Ia mengutip firman Allah Swt dalam Surah Al-Ahzab ayat 70 yang memerintahkan orang beriman untuk bertakwa dan mengucapkan perkataan yang benar serta tepat. Menurutnya ucapan bukan hanya benar, tetapi juga baik dan bijak dalam penyampaiannya.
Ustaz Zulfakar menambahkan bahwa menjaga lisan merupakan bagian dari ketaatan kepada Allah Swt dan Rasul-Nya. Jika seseorang mampu menjaga tutur kata, maka akan memperbaiki amal perbuatannya serta mengampuni kesalahan yang dilakukan.
Lebih lanjut, ia menyampaikan hadis tentang sahabat Nabi, Muadz bin Jabal, yang bertanya kepada Rasulullah mengenai amalan yang dapat memasukkan seseorang ke surga.

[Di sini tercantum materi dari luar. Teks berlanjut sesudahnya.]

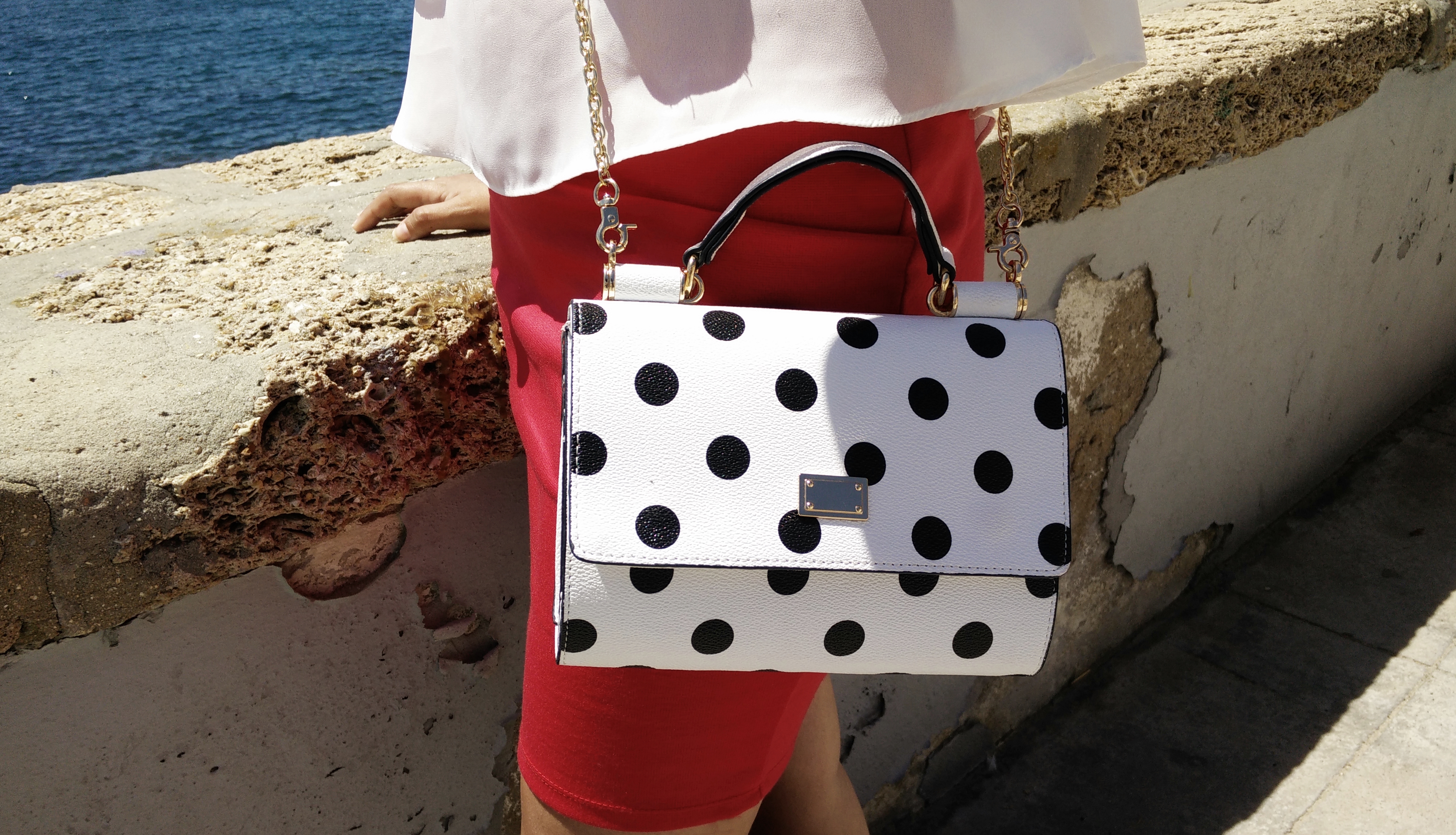Llevo falda lápiz en color rojo, junto con blusa blanca de volantes y sin mangas, además, ¡un bolsito muy flamenco que me tiene enamorada!
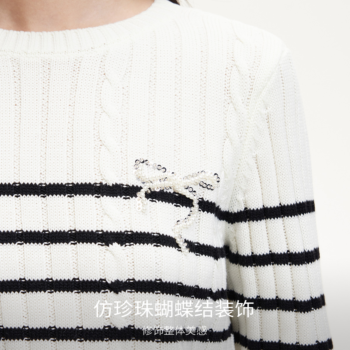 Moda针织衫 饰针织衫 2025春季 圆领条纹仿珍珠装 百搭 新款 Vero
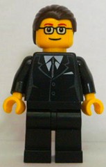 Minifigure, Head Glasses Rectangular, Brown Thin Eyebrows, Smile Pattern |

Nabi Muhammad saw menjelaskan beberapa amalan seperti beribadah kepada Allah Swt, menunaikan salat, berzakat, berpuasa, dan menunaikan haji bagi yang mampu.
“Banyak orang masuk neraka karena ucapan dari mulutnya sendiri,” kata Ustaz Zulfakar.

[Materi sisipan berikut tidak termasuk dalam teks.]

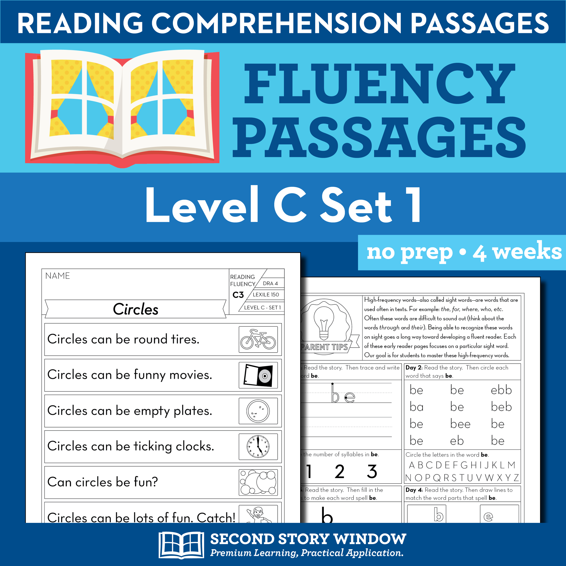Level C READING COMPREHENSION Level referenced in the top left corner of every page Multiple lines of text with repeated phrases and basic picture clues Build fluency by reading the passage three times, marking or coloring each time it is read Comprehension activities to be completed with guidance (for this level) One text-based question and one question These level C reading passages and short stories can be used for comprehension and fluency. They are great in whole group, small group, guided reading, and intervention settings.There are a total of 15 passages in this download. All passages are fiction in this set. Each passage has picture referenc
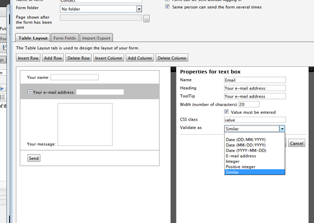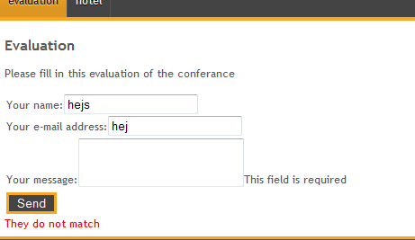 I recently got a question from a partner if it is possible to add validation to check if two fields are equal to each other. The scenario was that a user is asked for their email address and then asked to confirm it. I have already blogged about how to add a simple regular expression validation but this requires a bit more code but not much. Anders Hattestad wrote a great blog post on how to extend XForms and with the help of his blog post I got my validation working.

Ia menuturkan kisah seorang raja yang bermimpi seluruh giginya tanggal. Dua ahli tafsir menjelaskan mimpi itu sebagai pertanda seluruh keluarganya akan meninggal lebih dahulu, sehingga raja menjadi marah.

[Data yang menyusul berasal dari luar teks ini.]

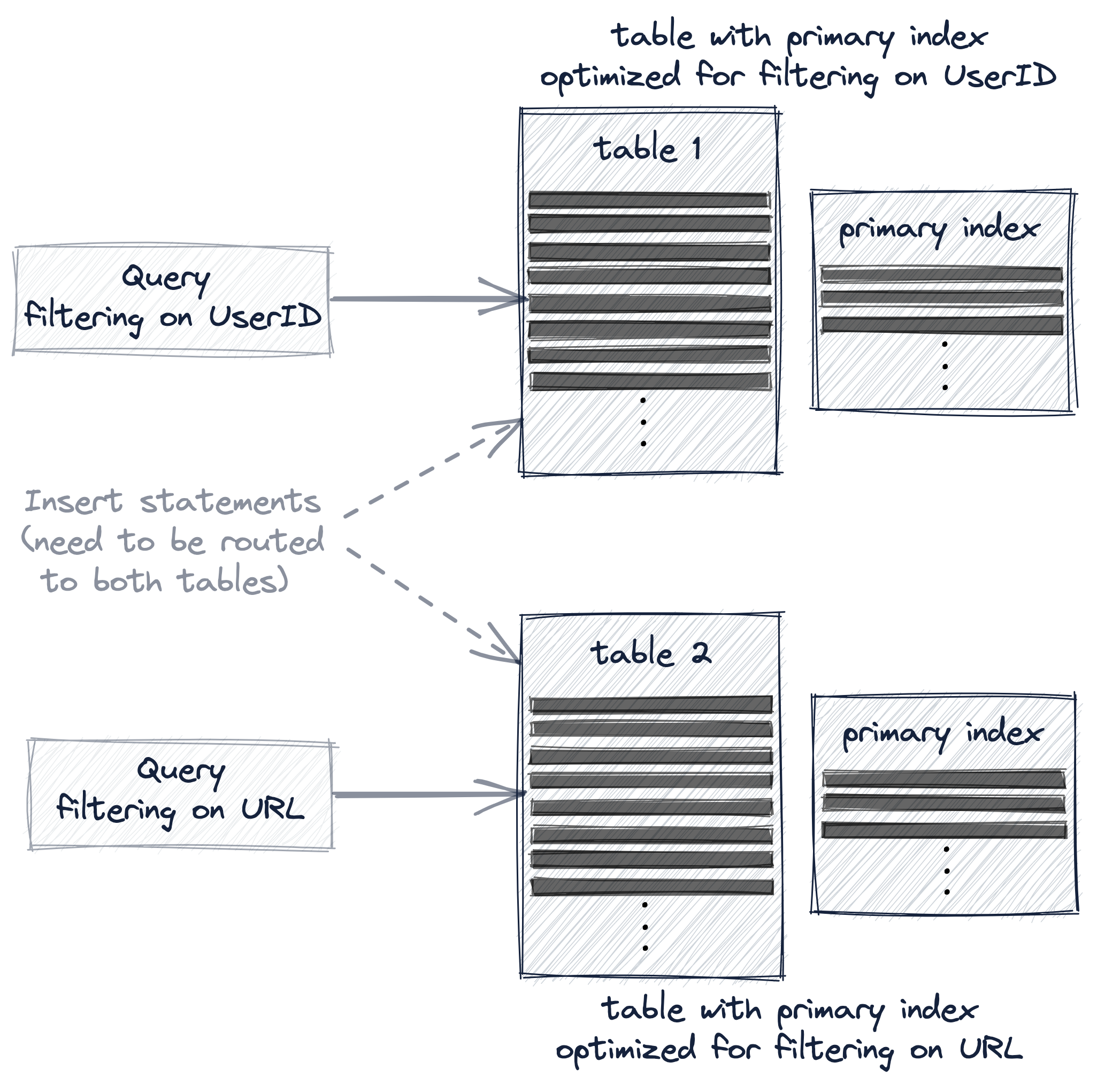 We now have two tables. Optimized for speeding up queries filtering on UserIDs, and speeding up queries filtering on URLs, respectively:
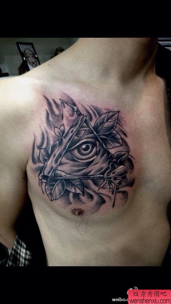 纹身图吧分享一张胸部上帝之眼纹身图案
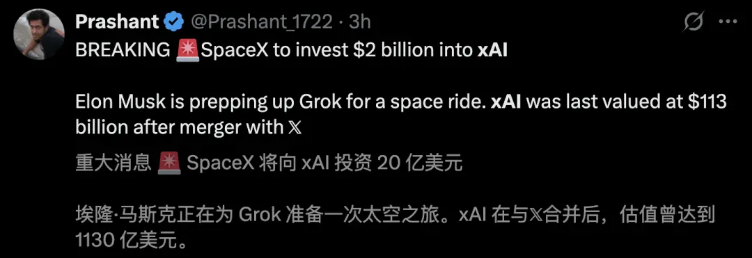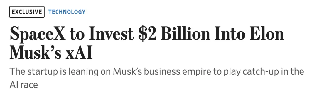 就在剛剛,WSJ爆料稱,SpaceX已同意向xAI投資20億美元。
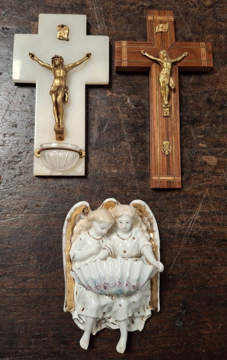 2 Crucifix and holy water font (H.14cm) porcelain
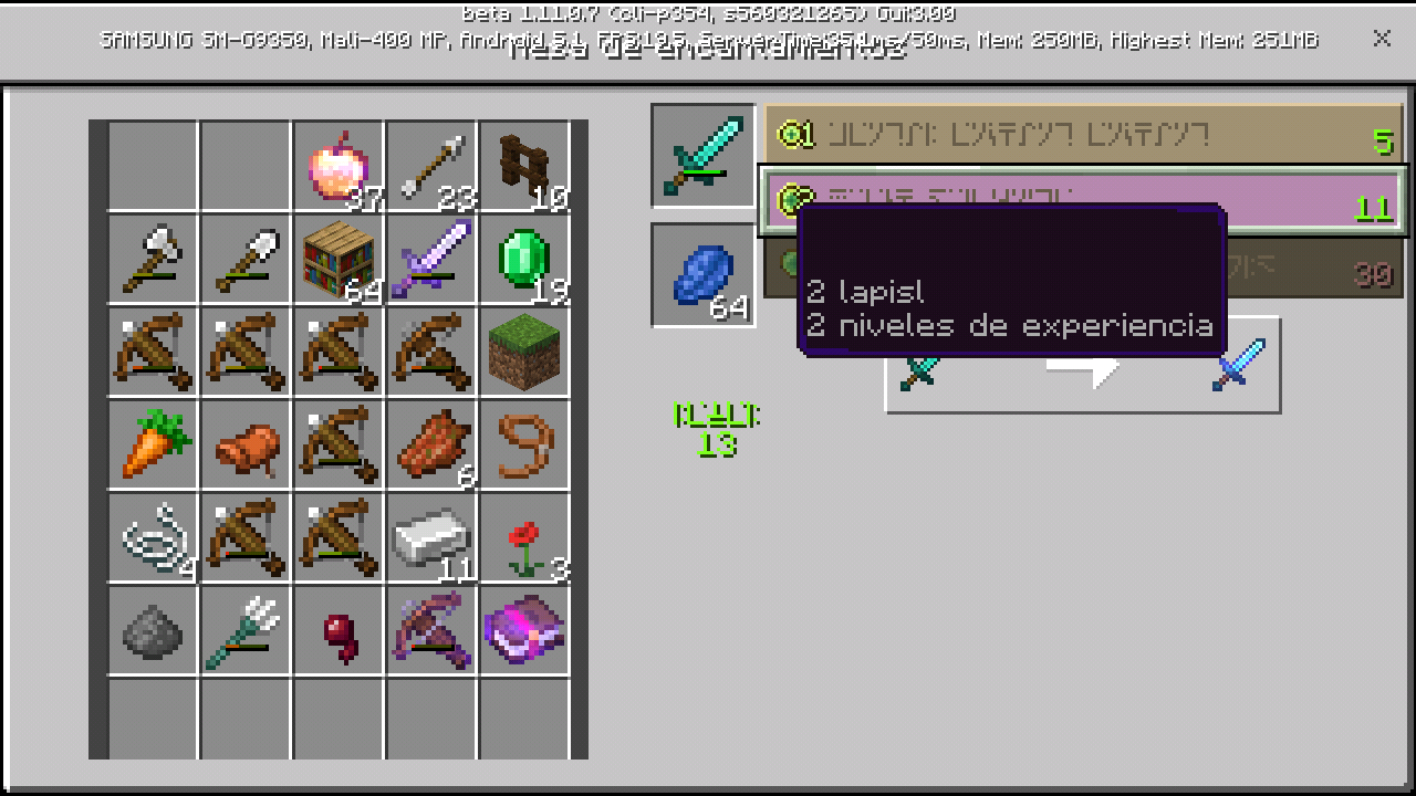 The enchantment table does not show the spell to be enchanted, this bug chases me from version 1.9.0.15 of Minecraft and persisted in the 1.10.0.7 and in the beta 1.11.0.7 of MCPE.
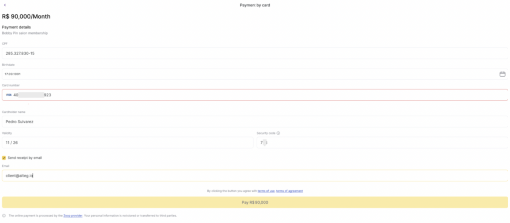 After clicking on the membership, the client will be redirected to a purchase page where they must enter their personal and payment details.

Namun ahli tafsir ketiga menyampaikan pesan yang sama dengan cara berbeda, yakni sang raja justru akan memiliki umur paling panjang dibanding keluarganya. Hal ini menunjukkan bahwa cara penyampaian pesan dapat memengaruhi penerimaan dan ketenangan hati pendengar.
“Pesannya sama, tetapi cara penyampaiannya berbeda,” ujarnya. “Kata-kata yang bijak bisa menenangkan hati orang yang mendengarnya.”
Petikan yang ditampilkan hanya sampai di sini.